So to keep it short, my bf and I in a healthy and love filled relationship. Recently we had sex and it was like our 2-3 Rd time it was like sooo bad. And after sex he told me that my vagina is not tight…I was aware that different bodies exist and it’s okay and atleast we can try diff poses and tricks to enjoy and resolve this problem. But after that statement even though I know that it’s not a big deal I felt a sudden feeling of anger. I think it was becuz he asked me, do u know why your vainga is that way? and all I could remember was the sexual assault, I had in my childhood. I know he would never make me feel bad about me, but without knowing he really messed me up and now I just don’t want sex for now. He tried to make it up with alots of lovely comments abt my body and declared his love for me but it just made me more angry……I don’t know what’s wrong with me

3 comments
  1. Firstly, I’m so sorry you experienced what you had in your childhood.
    Secondly, nothing is wrong with you.
    Bodies come in all different shapes and sizes. It’s an extremely shameful comment made by your partner. No amount of “nice remarks” balance that out. I’m glad you have a happy relationship outside of this comment but perhaps the anger would subside if you explained how hurtful that comment was to you.

  2. As a trauma survivor, my guess is this was extremely triggering. You MUST tell him this, your past, and how it may come up during intimacy. Let him know that comments about your body that you cannot control is absolutely wrong, unnecessary, and damaging. If he at all cares about you, his response will be to accept and care for you regardless. If he doesn’t, get out – he won’t ever understand.
    Take time away from sex. Sweetie, sounds like some healing is in order for you. Have you ever talked to anyone about your assault?

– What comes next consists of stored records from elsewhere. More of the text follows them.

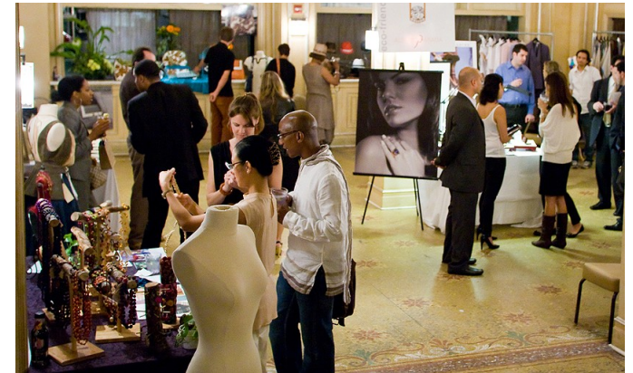
Ethical Fashion Preview New York Fashion Week

The showrooms focus on marketing, sales and promotional solutions for lifestyle companies that are effective in the quickly evolving global market. The out-of-the-box approach helps designers capture the attention of an ever-changing audience, creatively incorporating social media and digital techniques in marketing campaigns and promotions.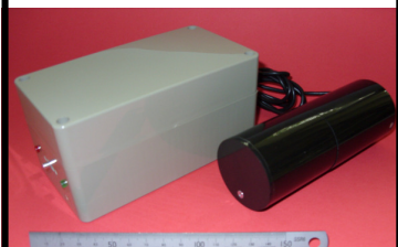
STS 912 Pipe Source

Designed so that it can be easily hidden in small gaps in walls floors and ceilings in a training area It is operated by the STS Power Supply with a 5m cable.(45x70x90mm)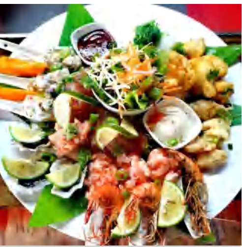
EXQUISITE MEALS SERVED AT THE ISLANDER RESTAURANT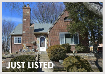
205 Franklin Ave. Sunny, renovated 3BR/3BA Tudor with upscale kitchen. $499,000.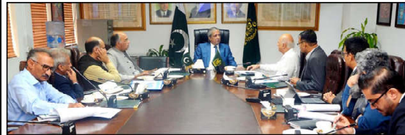
ISLAMABAD: Federal Minister for Law and Justice, Senator Azam Nazeer Tarar chaired first meeting of the Committee to give recommendations for independent Drug Pricing Body.

ISLAMABAD (APP): Iran Embassy on Wednesday paid tribute to Madr-e-Millat, Mohtarama Fatima Jinnah, on her 131st birth anniversary. The embassy, in a statement, termed her character fully inspiring as a woman and leader. It quoted Fatima Jinnah as saying: "People of Pakistan are by nature devoted to the cause of peace and goodwill."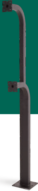
Dual Height Pad Mount 1200-049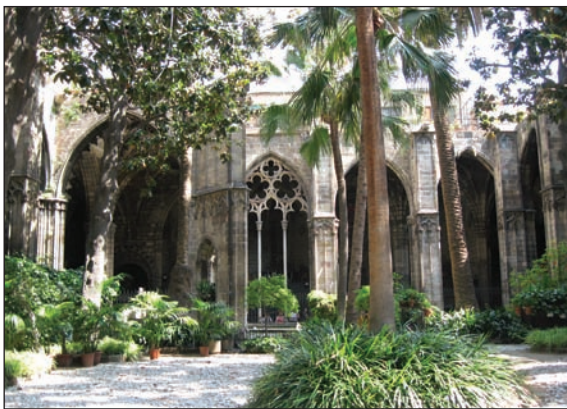
The Picasso Museum

The Picasso Museum is the "must-see" museum to visit in Barcelona, for the work of the Barcelona-born artist and for the building itself. It is five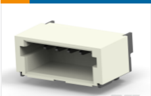
TE Part #1-1734595-2 AMP HPI 1.0MM HEADERS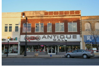
Zadie Building. 206-208-210 S Summit. Front/west facade of 208-210. 12-11-2017.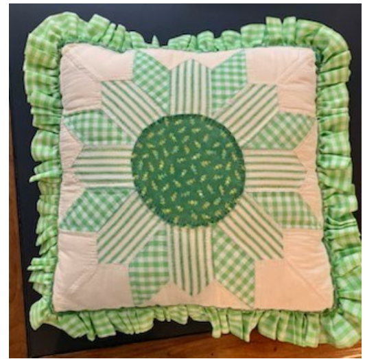
(Above) First projects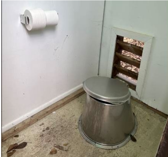
Pit Toilet Interior.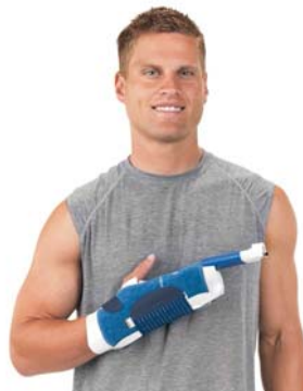
Intelli-Flo Hand / Wrist Pad (8.25" x 9.75")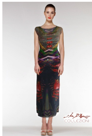
Dresses: POINT OF VIEW I & POINT OF VIEW II, 2012 Dresses in pure silk, ink drop digital printing Hand-made by the artist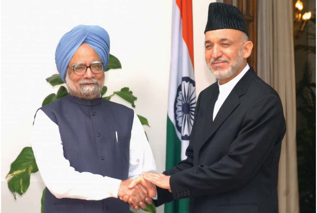
President of Afghanistan, Hamid Karzai meeting with the Prime Minister, Dr. Manmohan Singh, in New Delhi on 4 August, 2008.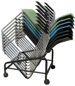
3080Dolly: Holds up to 15 Model 3080 and 3081 chairs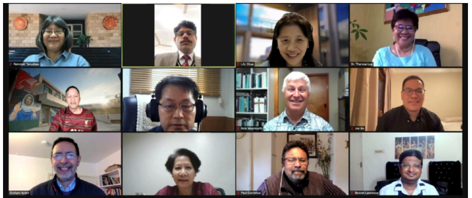
Commission on Accreditation and Educational Development (CAED)

fulfilling their God-given potential. Through this collaboration, we hope to embed Integral Mission Theology more deeply into the training of leaders for the holistic mission of the church. We plan on moving towards this end by equipping faculty in sharpening courses and programs to support the holistic mission of churches. In addition to that, local theological resources will likewise be developed to support the objective.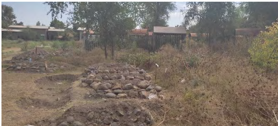
New graves in the St. George's Church graveyard in Kobo, Ethiopia, where witnesses and survivors told Amnesty International that they buried those summarily killed by Tigrayan forces on 9 September 2021.

At first when we wanted to bury the bodies on Friday morning (10 September) the Tigrayan fighters did not allow us. My mother was crying and she told them, "then kill me like you killed my sons," and a fighter kicked her, but then another fighter came by in a 4x4 vehicle and told the others to let us bury the dead. 27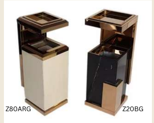
INKS-AT-Z20BG size:30(L)x30(W)x73(H) cm INKS-AT-Z80ARG size:30(L)x30(W)x73(H) cm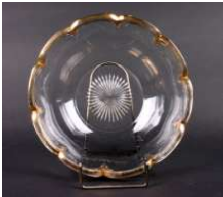
397 Colonial Cupped Scallop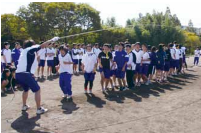
▲ Sports Day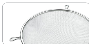
Convenient Hooks of SSTR-06/08/11 Series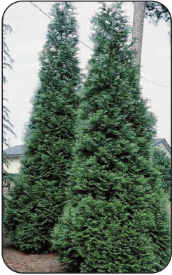
Green Giant Arborvitae Thuja (standish x plicata) 'Green Giant'

    You have every right to feel the way you do. We never get over our trauma. But we do learn to heal and live with the scar. I wish nothing but healing and peace for you.

  3. Girl that is so disrespectful of him. I’d bring it up to him directly, that his comment was upsetting. Ask him how he would feel if you asked why his dick is so small that he can’t even feel your pussy? This has nothing to do with your SA or your vagina, though I know it triggered all that for you. But there is literally nothing wrong with your pussy.

    He needs to realize what a dumbass he is. And maybe ask him about his porn/masturbation habits because it’s much more likely that his problem with your pussy is due to him using death grip when he’s jerking off. He’s probably desensitized himself. And if he’s using porn frequently it’s probably also screwed up his own ability to get aroused by actual sex. This is all a problem with HIM.

    Maybe he’s just being dumb and is inexperienced and ignorant, but I’d keep a close watch for any behavior from him that is focused on blaming or shaming you, deflecting his problems onto you, etc. Abuse victims unfortunately are more likely to get into relationships with abusive people. And from this interaction I’d be VERY wary about staying in a relationship with him. You shouldn’t have to be even MORE vulnerable with him about your past and your body when the problem is about him. He should be here on reddit asking why he didn’t get as much sensation during sex as expected and I guarantee all the comments would be about death grip, porn habits, and trying different positions. None of them would be about you being “loose.” And that’s because the problem is with him and not you.